At work I used it many times daily in development. It's concise mode is a breath of fresh air compared to any other llm I've tried. It has helped me find bugs in foreign code bases, explain me the techstack, written bash scripts, saving me dozens of hours of work & many nerves. It generally makes me reach places I wouldn't without due to time constraints & nerves.
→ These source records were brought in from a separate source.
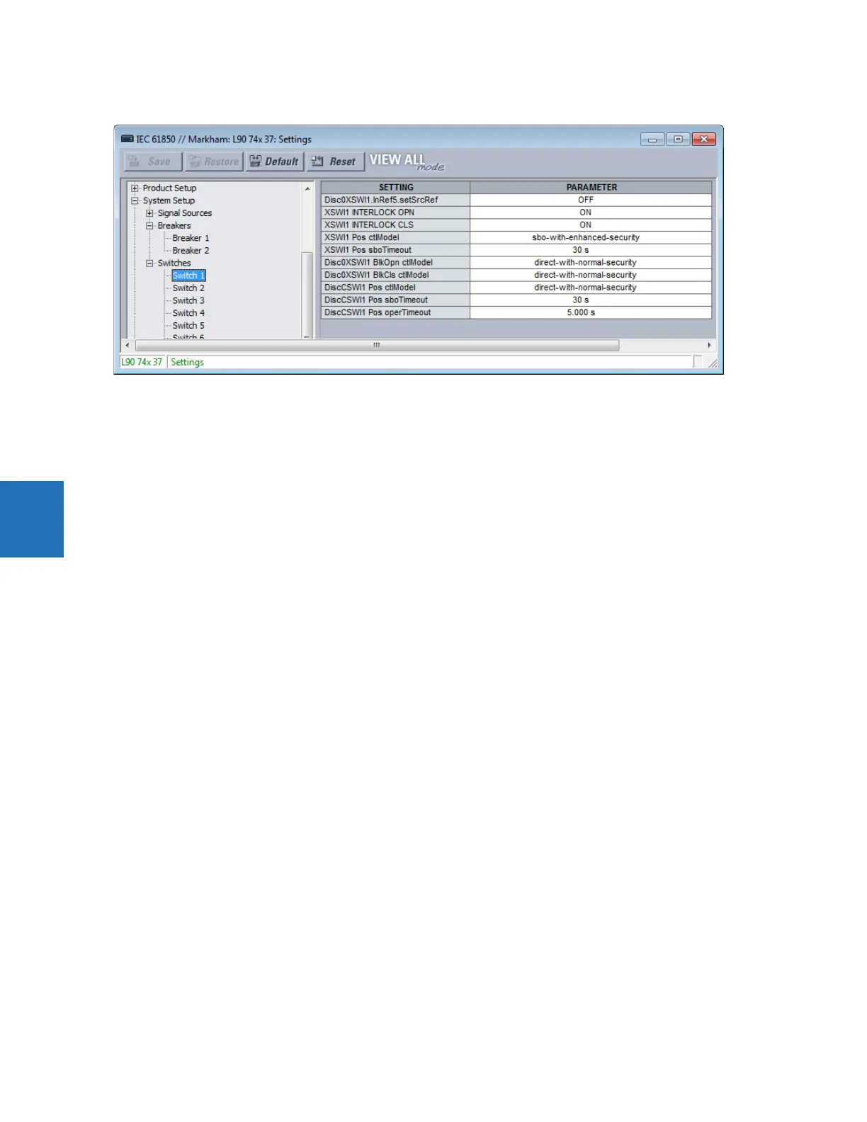 This setting is used to select a FlexLogic operand that declares to IEC 61850 services that disconnect switch 1 is selected
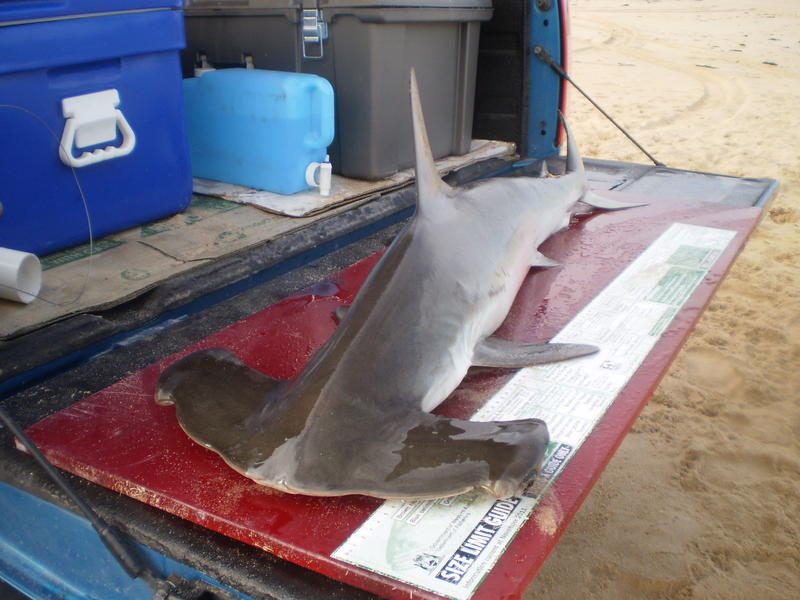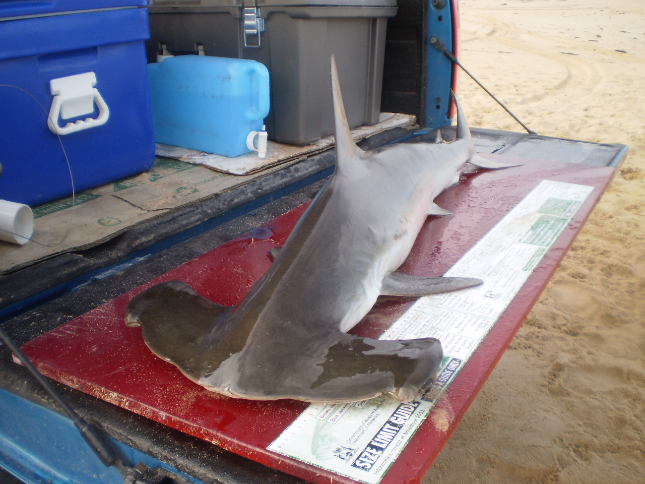 After a couple of hours of changing the live Herring (and having a huge breakfast), I was starting to think I should have stayed home and had a crack at a dawn service. Not even a Ray! Then finally one of my lines screamed off. After a couple of decent runs I beached a Hammerhead Shark. Not huge like some of the beasts posted on FW but a good size for a feed. DJ really didn’t like Mr HH and I literally had to break those two up.
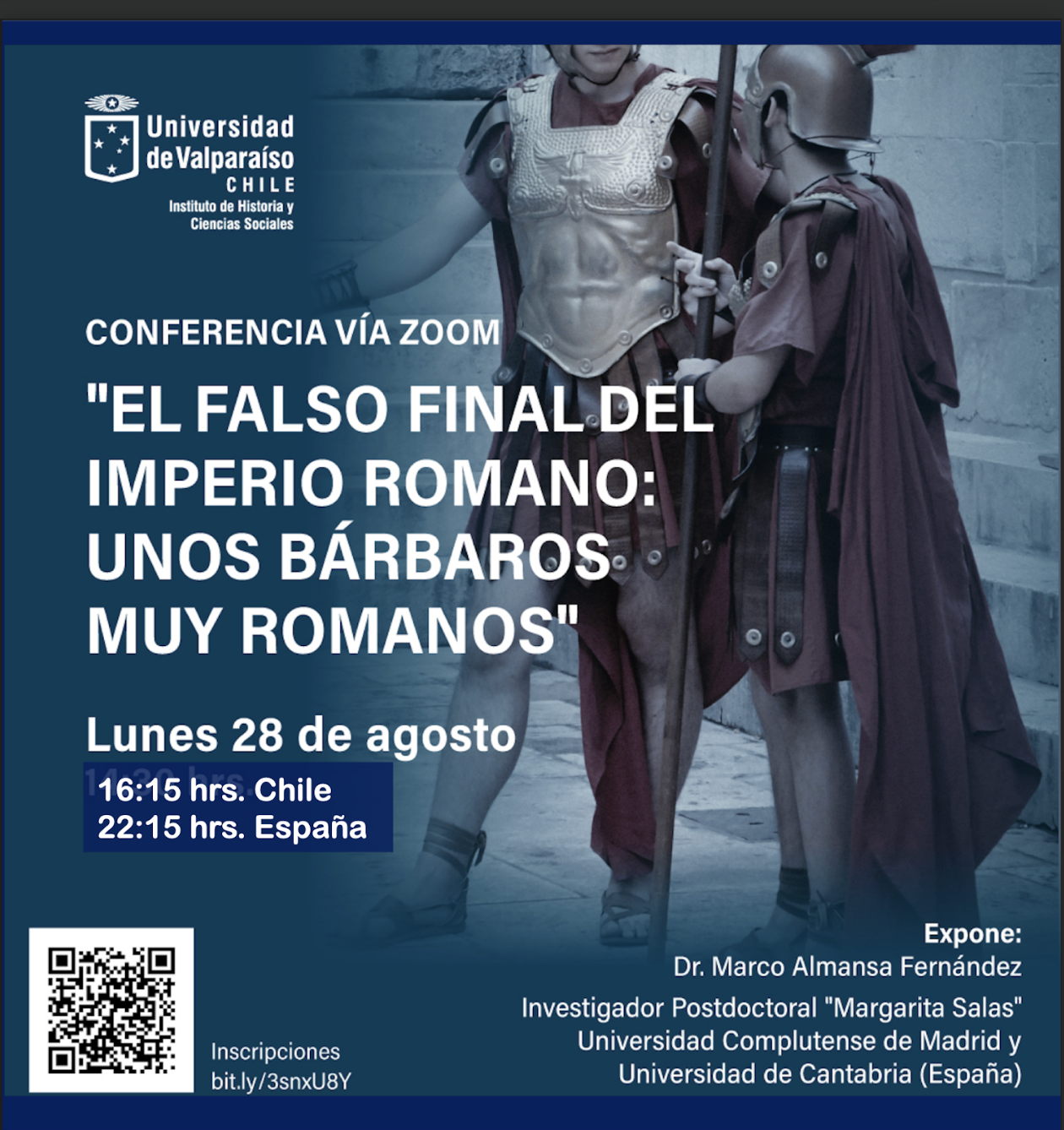 La conferencia se desarrolló vía zoom según lo convenido. En ella el profesor invitado Dr. Almarsa abordó la importancia del ejército y la barbarización del mismo como razón asociada al "fin del Imperio Romano", perspectiva que en la actualidad la historiografía debate dado que, en rigor, dicho Imperio no concluye completamente en el siglo V d.C. porque una parte continúa en Oriente a través del imperio romanorum graecorum, conocido desde 1557 como "Imperio Bizantino", creación del historiador alemán Hieronymus Wolf.

The only nitpick is that the service reliability is a bit worse than others, forcing me sometimes to switch to others. This is probably a hard to answer question, but are there plans to improve that?
gwd
Just started playing with the command-line tool. First reaction (after using it for 5 minutes): I've been using `aider` as a daily driver, with Claude 3.5, for a while now. One of the things I appreciate about aider is that it tells you how much each query cost, and what your total cost is this session. This makes it low-key easy to keep tabs on the cost of what I'm doing. Any chance you could add that to claude-code?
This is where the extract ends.